La scazzottata presidenziale

By Michele Di Lollo

settembre 14, 2012 Esteri

Se la politica fosse una nobile arte, allora il consenso si misurerebbe in round. Finite le prove tecniche negli States si comincia a fare sul serio. È tempo della “boxepolitik”. Manca ormai poco all’election day. I due candidati si oppongono in un testa a testa che spacca americani e appassionati di tutto il mondo. I toni sono accesi, assumono sempre più i connotati di un incontro sportivo, tifosi contro tifosi: hooligans e allibratori non fanno sconti a nessuno.

In questo contesto proviamo a smorzare gli animi, riportando un divertente sondaggio lanciato da due testate non proprio estranee alla bagarre. Chiedono al popolo americano su chi scommetterebbe se i candidati alla presidenza si affrontassero in una scazzottata. Si tratta dell’Esquire magazine e di Yahoo News, palesemente schierate a sinistra del partito repubblicano.

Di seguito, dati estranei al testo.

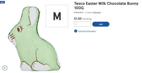They said: "Tesco's supermarket bunny is a great value alternative to the more well-known branded buy, with a very similar creamy flavour.
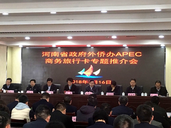 3月16日,河南省政府外侨办在郑州经济技术开发区组织召开APEC商务旅行卡服务“一带一路”建设专题推介会,郑州经济技术开发区国内500强企业、央企、行业龙头企业及港澳台知名企业高管60余名参加推介会。
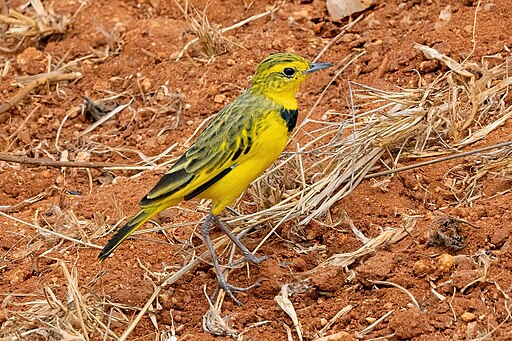 The Sharpe’s longclaw is a striking bird endemic to Kenya, belonging to the same family as larks. It is recognized by its bright yellow underparts, olive-brown upperparts, and a distinctive black breast band.
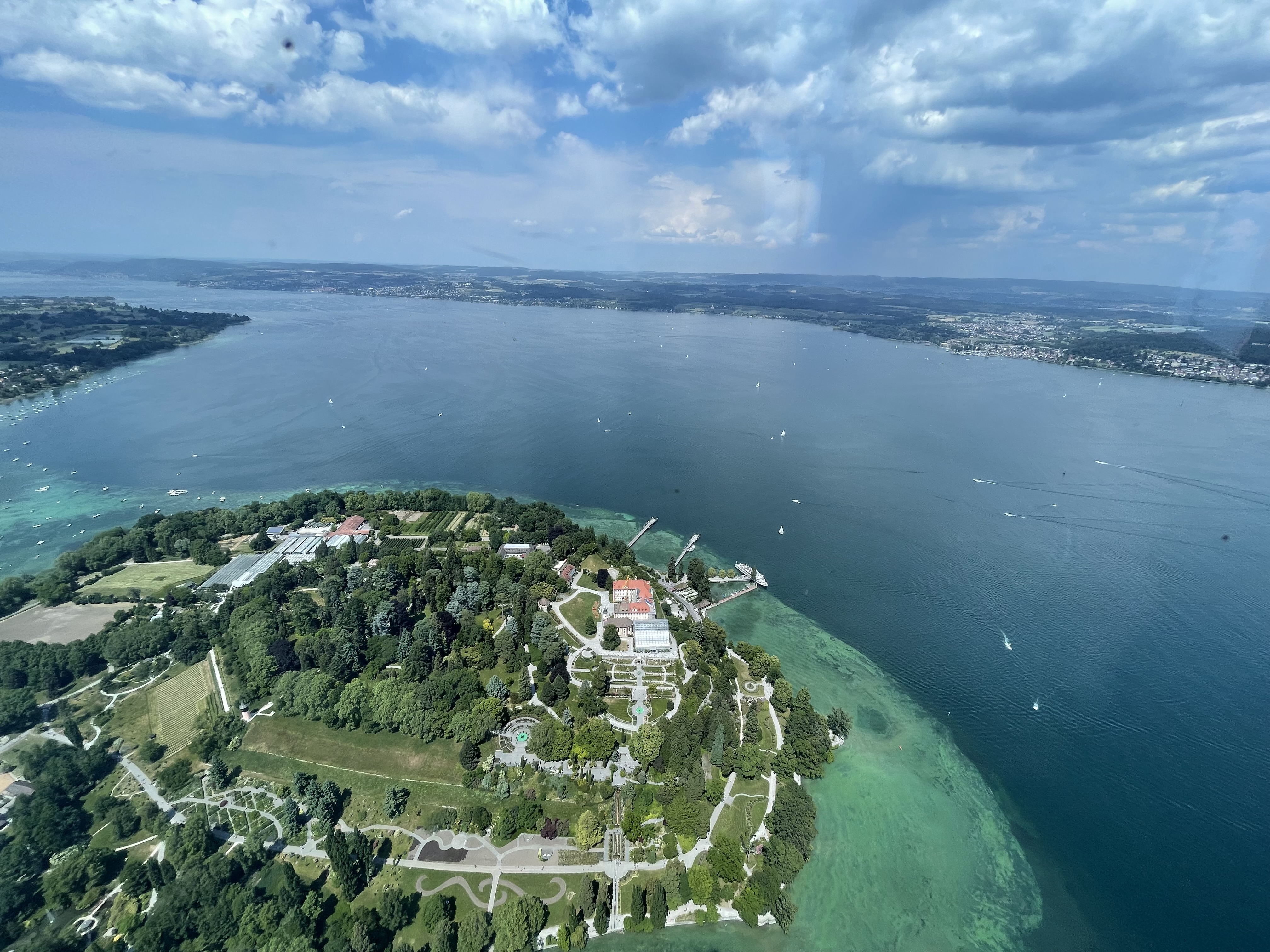 Luftaufnahme aus dem Helikoper von der Insel Mainau.
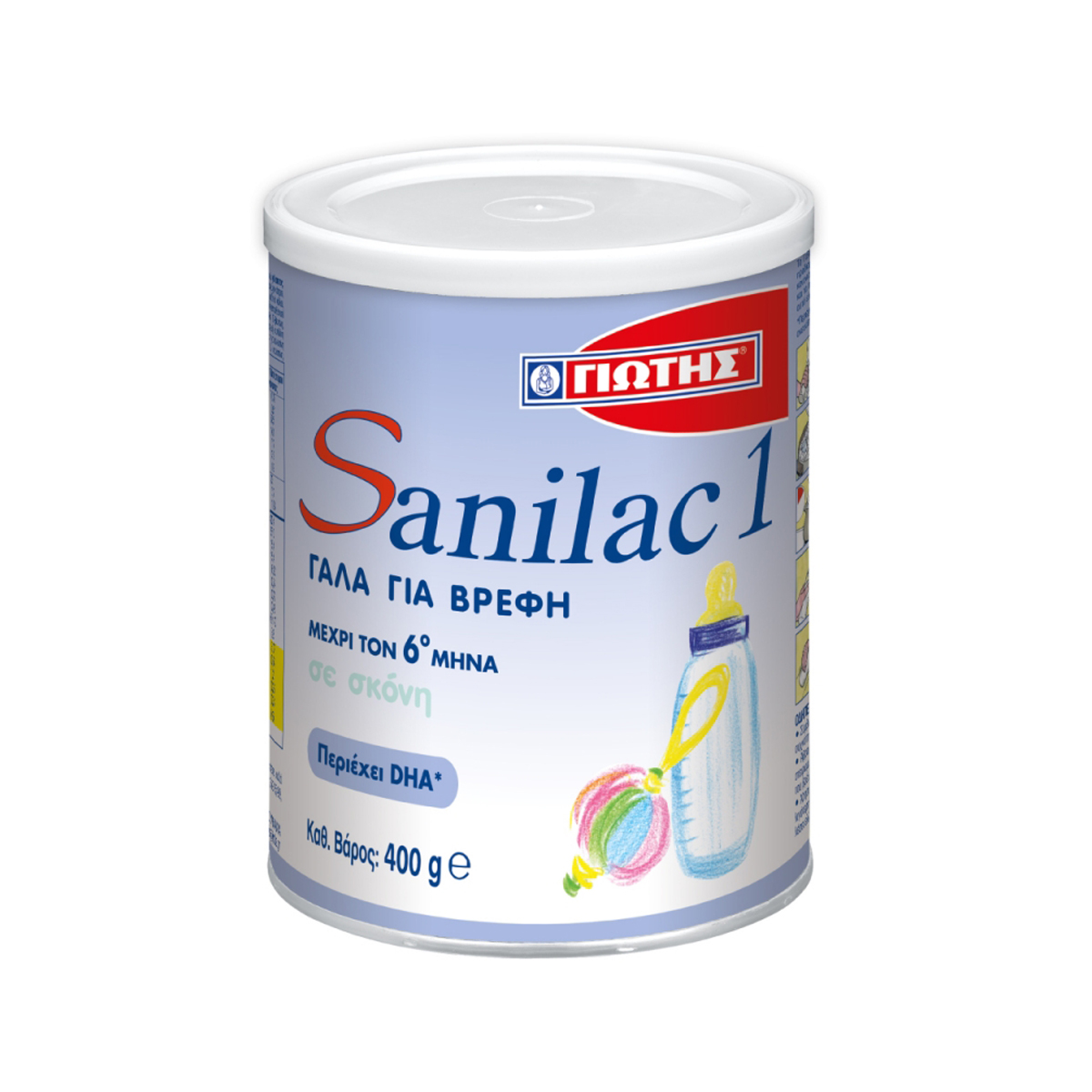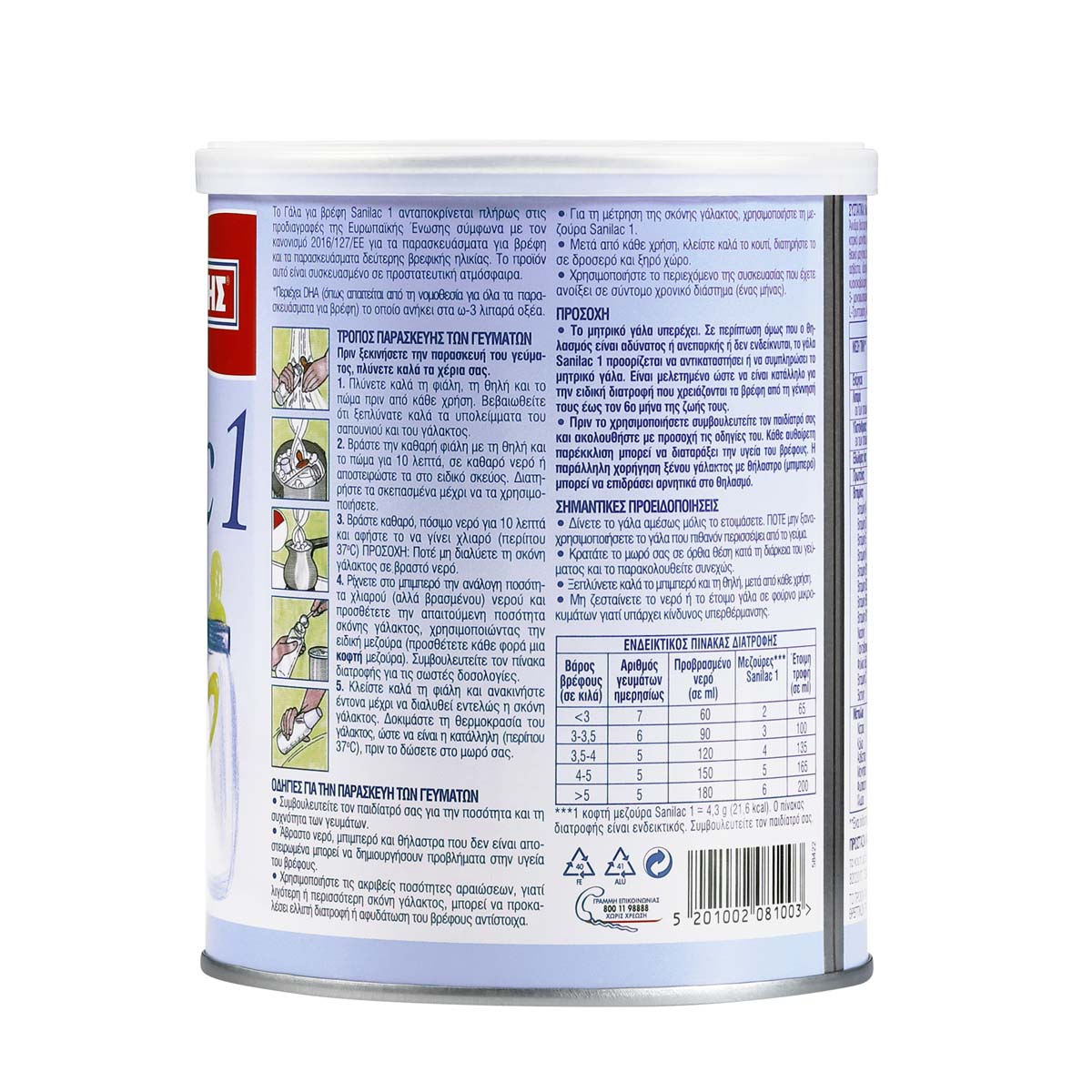 ΜΕΧΡΙ ΤΟΝ 6ο ΜΗΝΑ με πρεβιοτικές ίνες, πολυακόρεστα λιπαρά οξέα μακράς αλύσου (LC-PUFAS) νουκλεοτίδια. Το Γάλα για βρέφη Sanilac 1 ανταποκρίνεται πλήρως στις προδιαγραφές της Ευρωπαϊκής Ένωσης σύμφωνα με την οδηγία 2006/141/ΕΕ για τα παρασκευάσματα για βρέφη και τα παρασκευάσματα δεύτερης βρεφικής ηλικίας. Το Γάλα για Βρέφη Sanilac 1 χαρακτηρίζεται από: Αναλογία Ορού/Καζεΐνη: 60/40 - Αναλογία Ca/Ρ:1,6 - Αποκλειστική χρήση Λακτόζης. Η σύνθεση του Sanilac 1 είναι εμπλουτισμένη με σίδηρο. Με προσθήκη: Πολυακόρεστων λιπαρών οξέων μακράς αλύσου (LC-ΡUFΑS), ταυρίνης, πρεβιοτικών ινών (γαλακτο- ολιγοσακχαρίτες), νουκλεοτιδίων. Το προϊόν αυτό είναι συσκευασμένο σε προστατευτική ατμόσφαιρα.
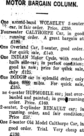 MOTOR. BARGAIN COLUMN. One Wc%.hand WOLSELEY 5-seater 1 car, itf fair order. Price, £250 Fourseater CAIrfHORPE Car, in good ; - T S^tS '...***. A great bargain at £180.; ■ * One Overland Car, 2-seater, good order. For quiclt sale, £l4O One INDL4K MoJor.Cjcte, **ith coachbjiilt asfte-car; in perfect conVlitkm; good fe new; price for quick sale, drily £125. One BODGftoaf in splendid oYdei*- only <toj»fc 6QPJ} miles. For quick sale, £335. , . l nc 4-BeaterHUPMOBILE car; just ovororder. Price. £l6O. 2-seater, 2-cylinder RENAULT car; in running, order, and fair condition; Price £55.' One 5-Seater Old Model Calthorpe Car, in good order. Trial. Very cheap at £l3O.
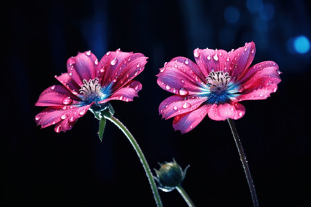 Exotic purple and blue flower with bright petals, gently dripping water on a dark background, generative ai
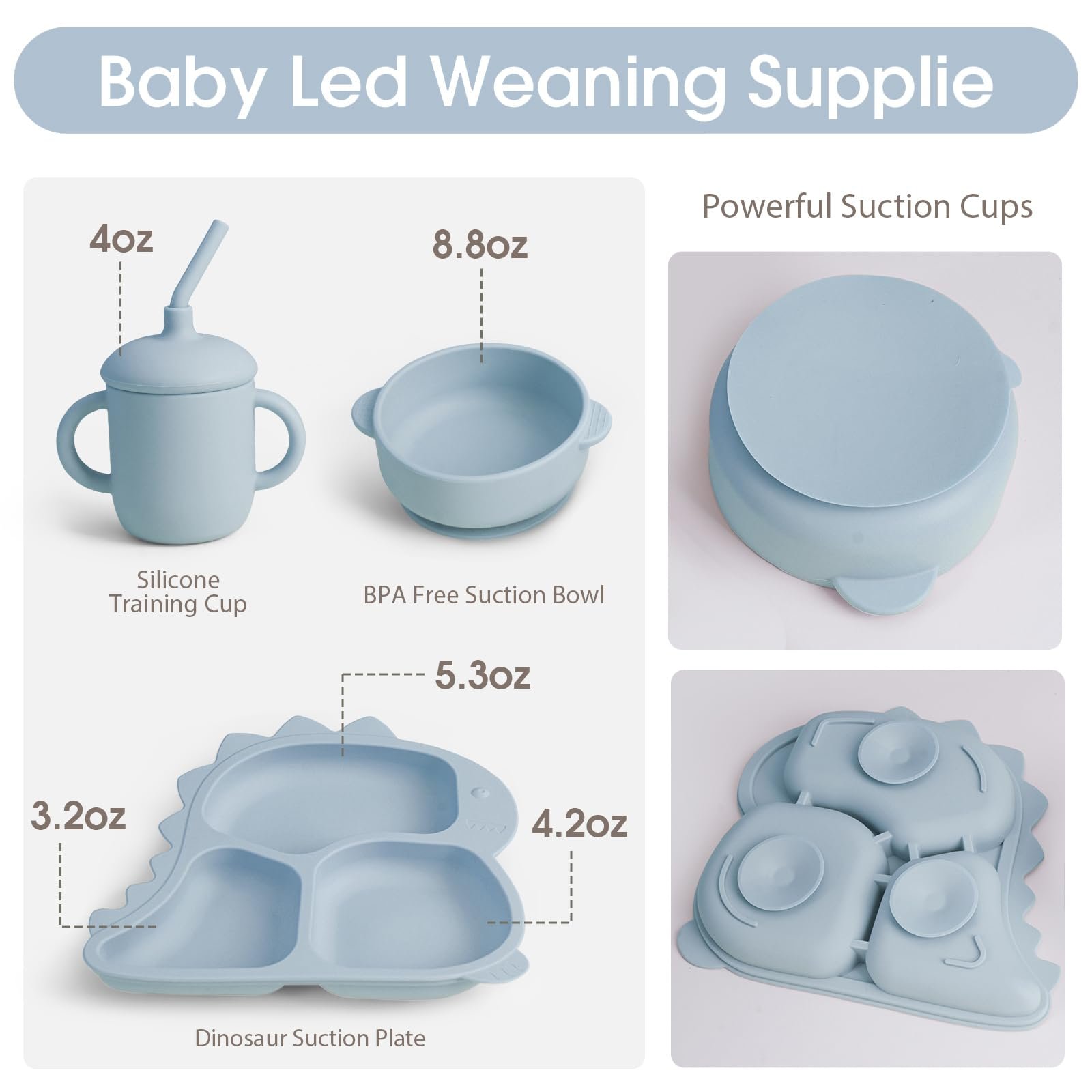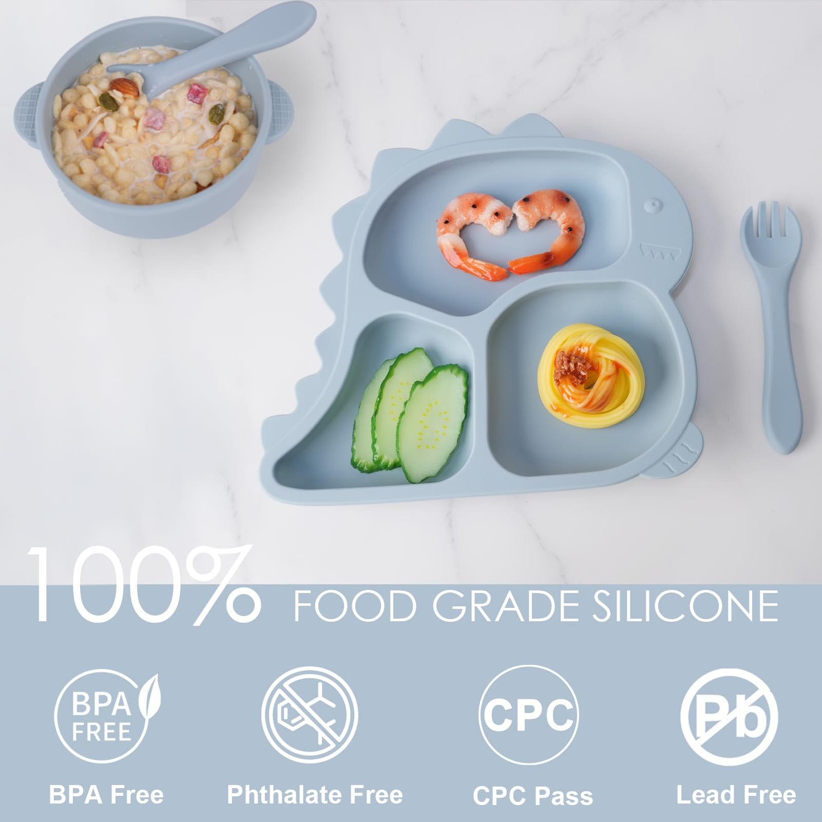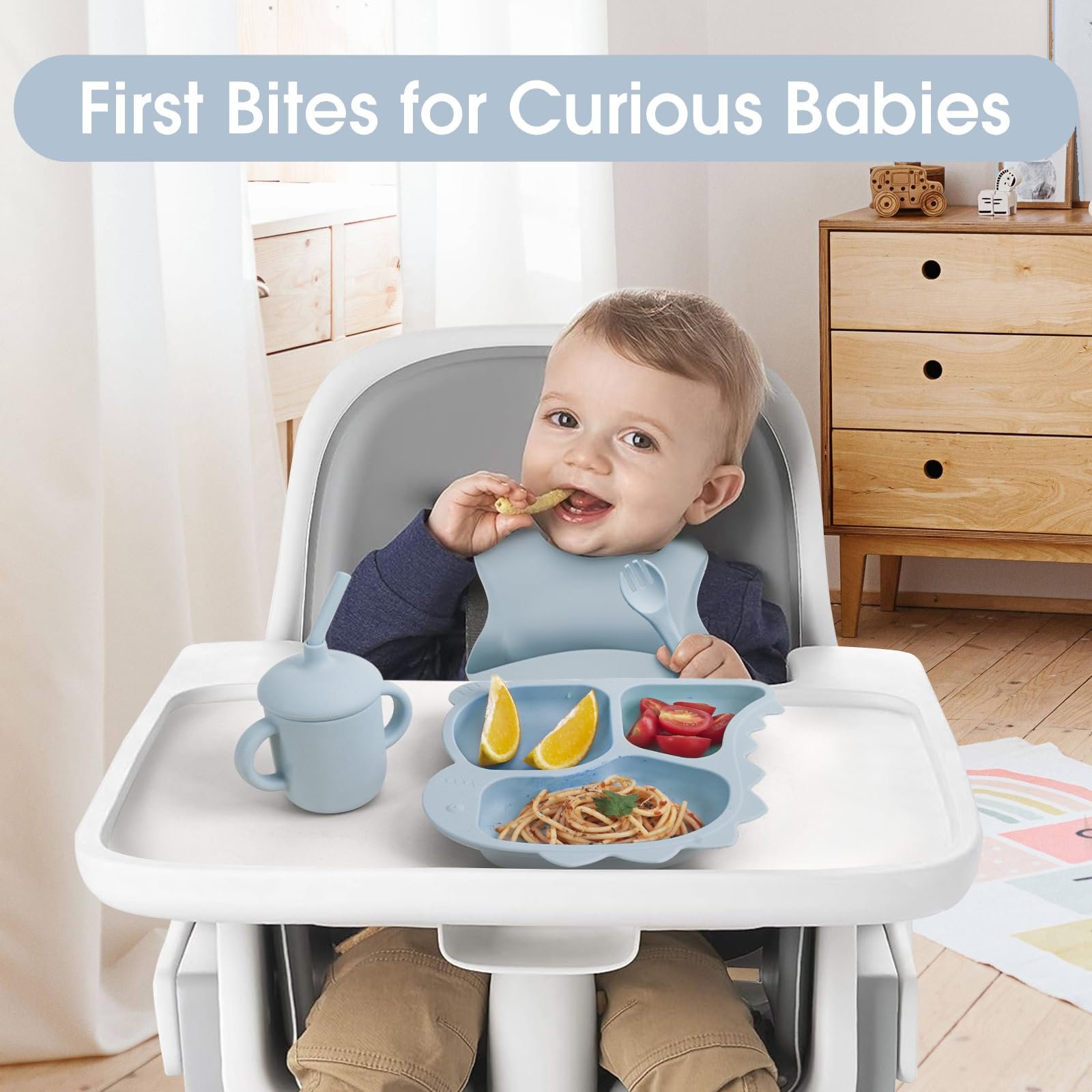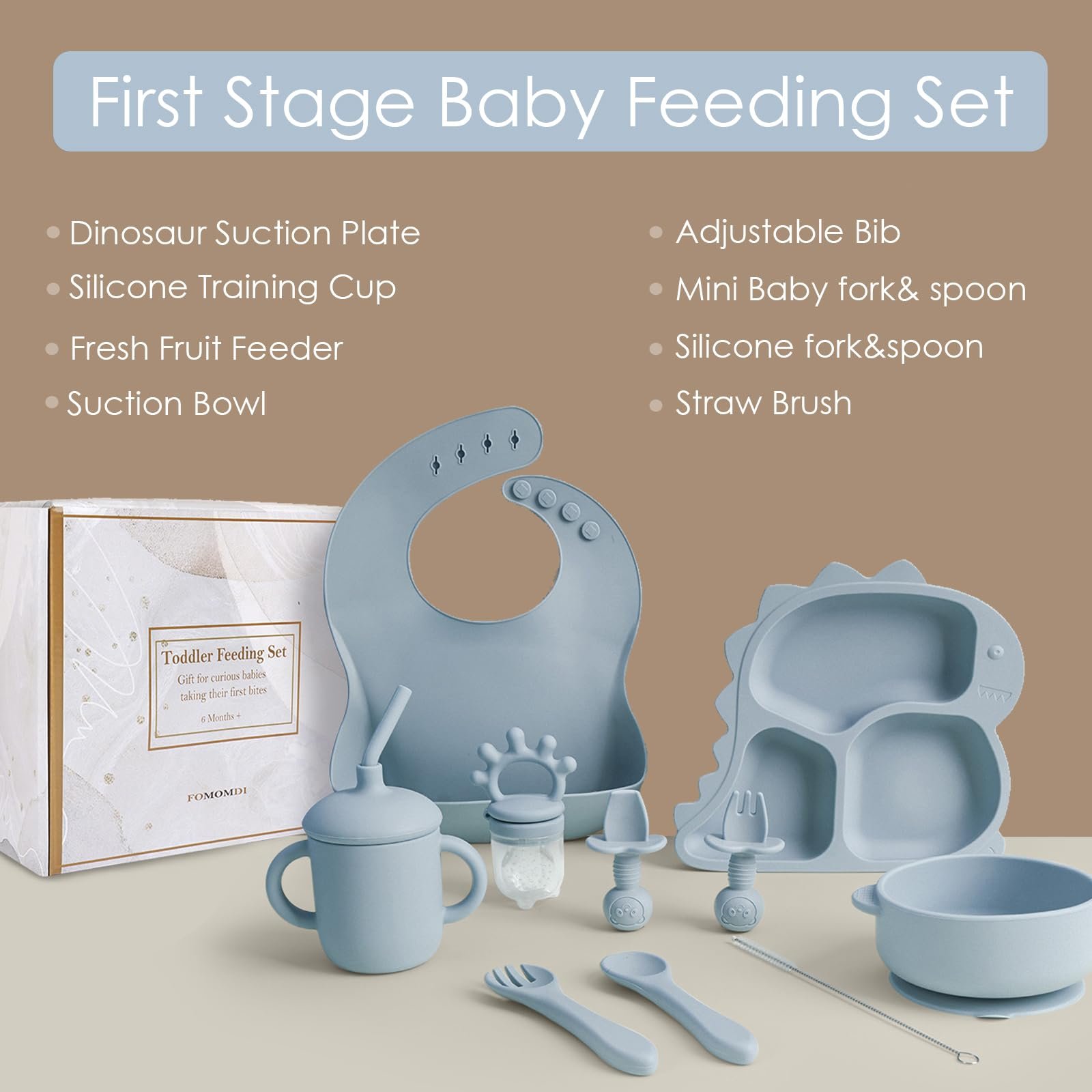 - All-in-One: The 10 piece set includes everything you need for baby led weaning including a bowl, cup, bib, baby fork, fruit feeder, straw brush, baby spoon and dinosaur plate all made of flexible, BPA free silicone
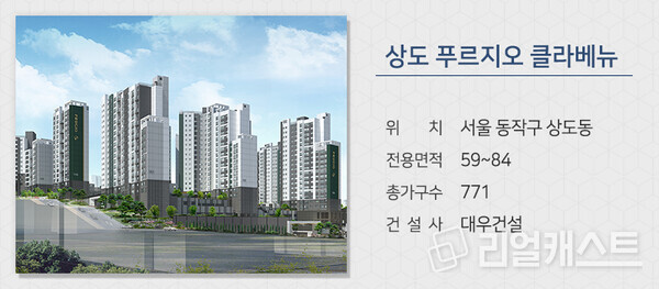 대우건설이 서울 동작구 상도동에 짓는 ‘상도 푸르지오 클라베뉴’를 분양합니다. 지하철 7호선 장승배기역을 이용할 수 있고, 상도터널, 한강대교 등으로 차량이동이 쉽습니다. 발코니확장, 붙박이장, 시스템에어컨 등 여러 옵션을 기본으로 제공합니다. 후분양 단지로 입주(2024년 3월 예정)가 빠릅니다.

Basti pensare che Yahoo News è lo stesso giornale che fino a due settimane fa dava lavoro a David Chalian, licenziato in tronco dopo essere stato beccato in un tristissimo fuori onda. “Questi repubblicani sono felici di festeggiare mentre i negri affogano”. La frase si riferiva alla decisione presa dai vertici del partito di proseguire la Convention (a Tampa) nonostante l’imminente arrivo di un uragano sulle coste della Florida. Poco professionale, anche se ai nostri media potrà essere sembrato un commento legittimo.

Il lavoro viene commissionato alla Langer Research Associates e i risultati, pubblicati giovedì, sono fin troppo chiari: il “campione del mondo” uscente Barack Hussein Obama vincerebbe per knock-out contro lo sfidante Mitt Romney.

Il 57% degli intervistati punterebbe i propri risparmi sul leader democratico, mentre solo il 21% investirebbe qualche dollaro sul milionario di Detroit Romney. Il 22% non ama gli incontri e ha deciso di non rispondere. Questo responso sembra non lasciare margine di incertezza. Ma, in realtà, le domande poste agli intervistati sono state due. E nell’altra, molto più generica, l’ex governatore del Massachusetts sembra avere qualche chance in più.

Stando ai dati pubblicati, i soggetti che hanno partecipato al sondaggio sono in maggioranza democratici. Tuttavia, a differenza dell’altro quesito, qui prende vita un testa a testa terminato con una vittoria del solito Obama per quattro punti percentuali. Se infatti non si fa rifermineto al termine scommessa e portafoglio, Obama viene scelto dal 50% degli elettori contro un dignitoso 46%. La società che si è occupata delle rilevazioni dichiara di avere un margine di errore del 4%. Dunque, fiduciosi, e avendo scommesso un intero stipendio sul candidato del Gop, attendiamo con trepidazione la data del match, quello vero, fissato per il 6 novembre. Speriamo solo che gli amanti del pugilato non si lascino influenzare da questi numeri. Sarebbe un azzardo.